**ACTIVITY:** Repeat the span of the entries below that starts at the line with "For whatever reason, it" and ends at the line with "餐廳與衛浴相鄰,將衛浴開門採", nothing more. Skip the pictures.

**SOURCE INFORMATION:**
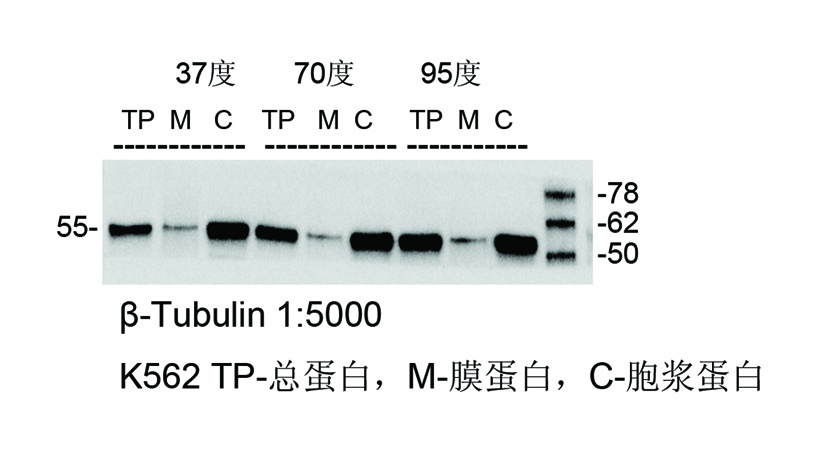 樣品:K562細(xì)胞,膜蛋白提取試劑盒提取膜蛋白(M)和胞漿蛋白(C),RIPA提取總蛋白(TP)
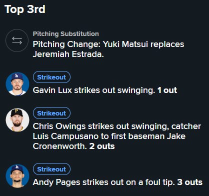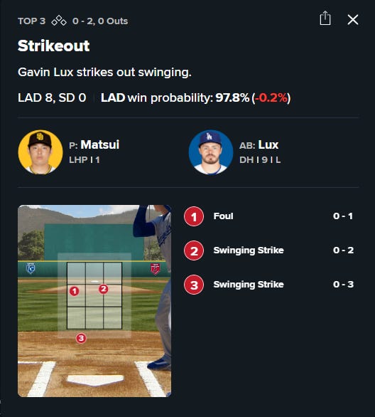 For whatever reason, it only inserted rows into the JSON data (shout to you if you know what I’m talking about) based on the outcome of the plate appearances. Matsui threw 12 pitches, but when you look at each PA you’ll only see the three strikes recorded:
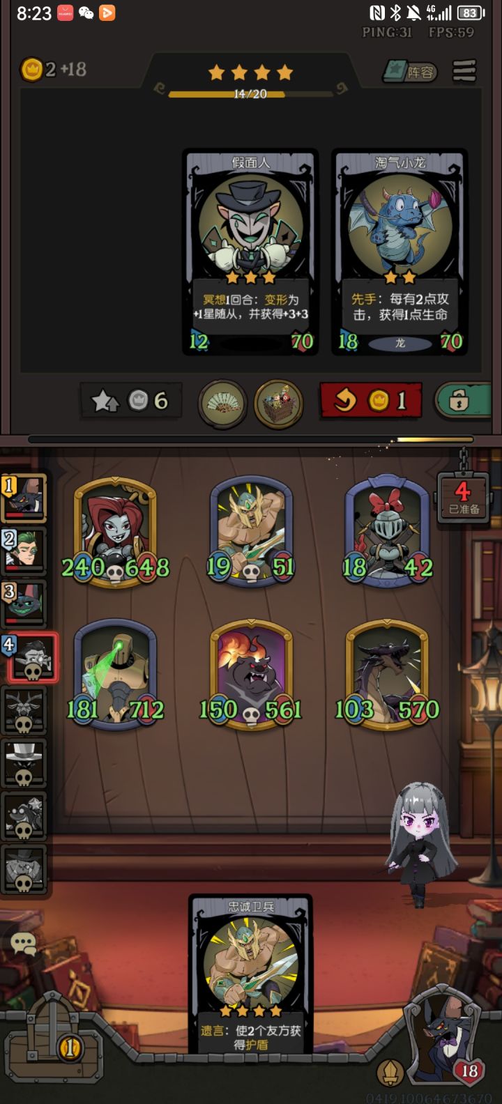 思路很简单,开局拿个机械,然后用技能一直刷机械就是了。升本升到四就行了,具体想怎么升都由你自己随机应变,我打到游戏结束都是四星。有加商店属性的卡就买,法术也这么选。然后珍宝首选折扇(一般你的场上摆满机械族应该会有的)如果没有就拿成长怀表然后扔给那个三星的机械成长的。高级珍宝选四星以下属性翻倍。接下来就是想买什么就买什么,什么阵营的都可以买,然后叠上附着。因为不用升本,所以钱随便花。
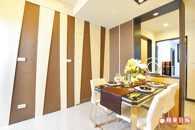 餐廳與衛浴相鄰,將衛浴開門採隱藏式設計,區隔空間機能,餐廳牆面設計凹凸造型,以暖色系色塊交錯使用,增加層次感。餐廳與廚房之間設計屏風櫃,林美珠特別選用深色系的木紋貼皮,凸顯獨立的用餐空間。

---

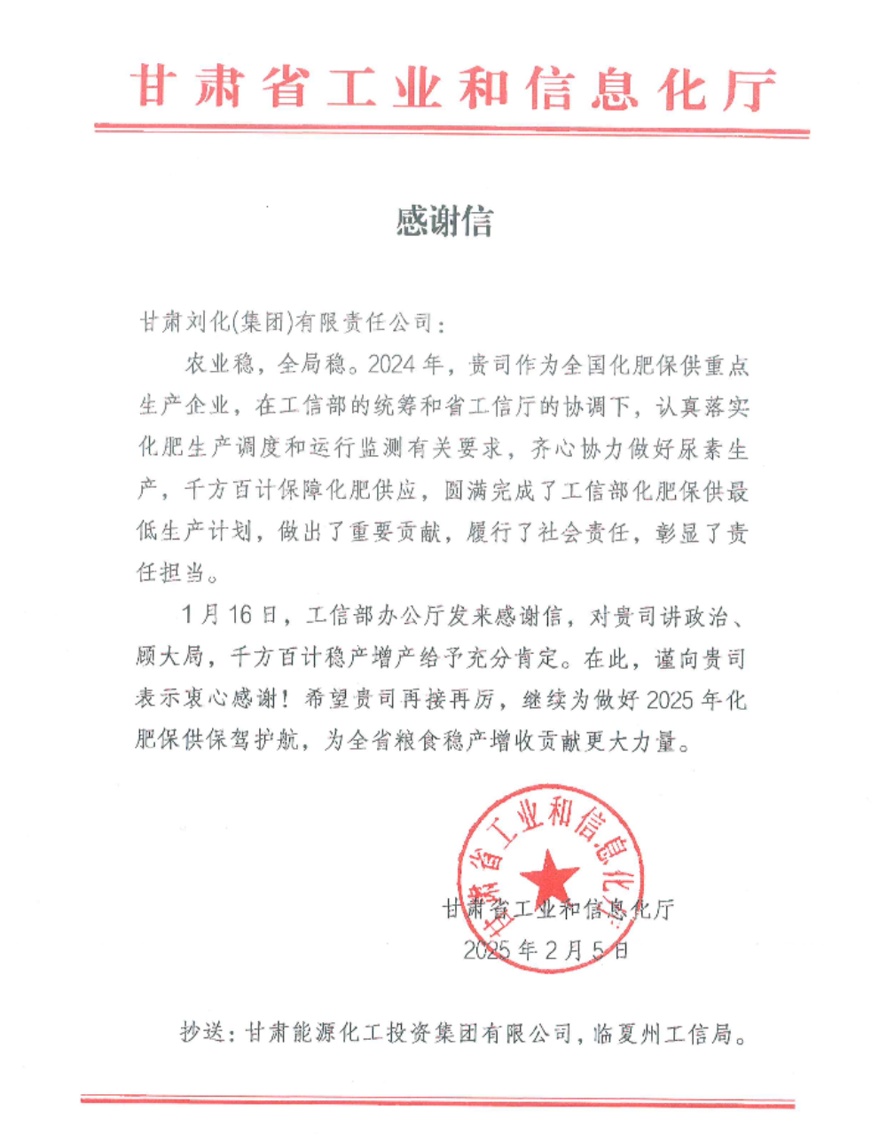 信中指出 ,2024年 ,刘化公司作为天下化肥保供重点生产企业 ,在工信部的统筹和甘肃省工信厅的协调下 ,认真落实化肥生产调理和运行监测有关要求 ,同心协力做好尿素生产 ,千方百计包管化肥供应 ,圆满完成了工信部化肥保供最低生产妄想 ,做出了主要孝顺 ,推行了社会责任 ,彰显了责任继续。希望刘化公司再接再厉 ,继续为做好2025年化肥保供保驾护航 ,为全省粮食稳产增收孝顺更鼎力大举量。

**ANSWER FOR THE TASK:**
 For whatever reason, it only inserted rows into the JSON data (shout to you if you know what I’m talking about) based on the outcome of the plate appearances. Matsui threw 12 pitches, but when you look at each PA you’ll only see the three strikes recorded:
 思路很简单,开局拿个机械,然后用技能一直刷机械就是了。升本升到四就行了,具体想怎么升都由你自己随机应变,我打到游戏结束都是四星。有加商店属性的卡就买,法术也这么选。然后珍宝首选折扇(一般你的场上摆满机械族应该会有的)如果没有就拿成长怀表然后扔给那个三星的机械成长的。高级珍宝选四星以下属性翻倍。接下来就是想买什么就买什么,什么阵营的都可以买,然后叠上附着。因为不用升本,所以钱随便花。
 餐廳與衛浴相鄰,將衛浴開門採隱藏式設計,區隔空間機能,餐廳牆面設計凹凸造型,以暖色系色塊交錯使用,增加層次感。餐廳與廚房之間設計屏風櫃,林美珠特別選用深色系的木紋貼皮,凸顯獨立的用餐空間。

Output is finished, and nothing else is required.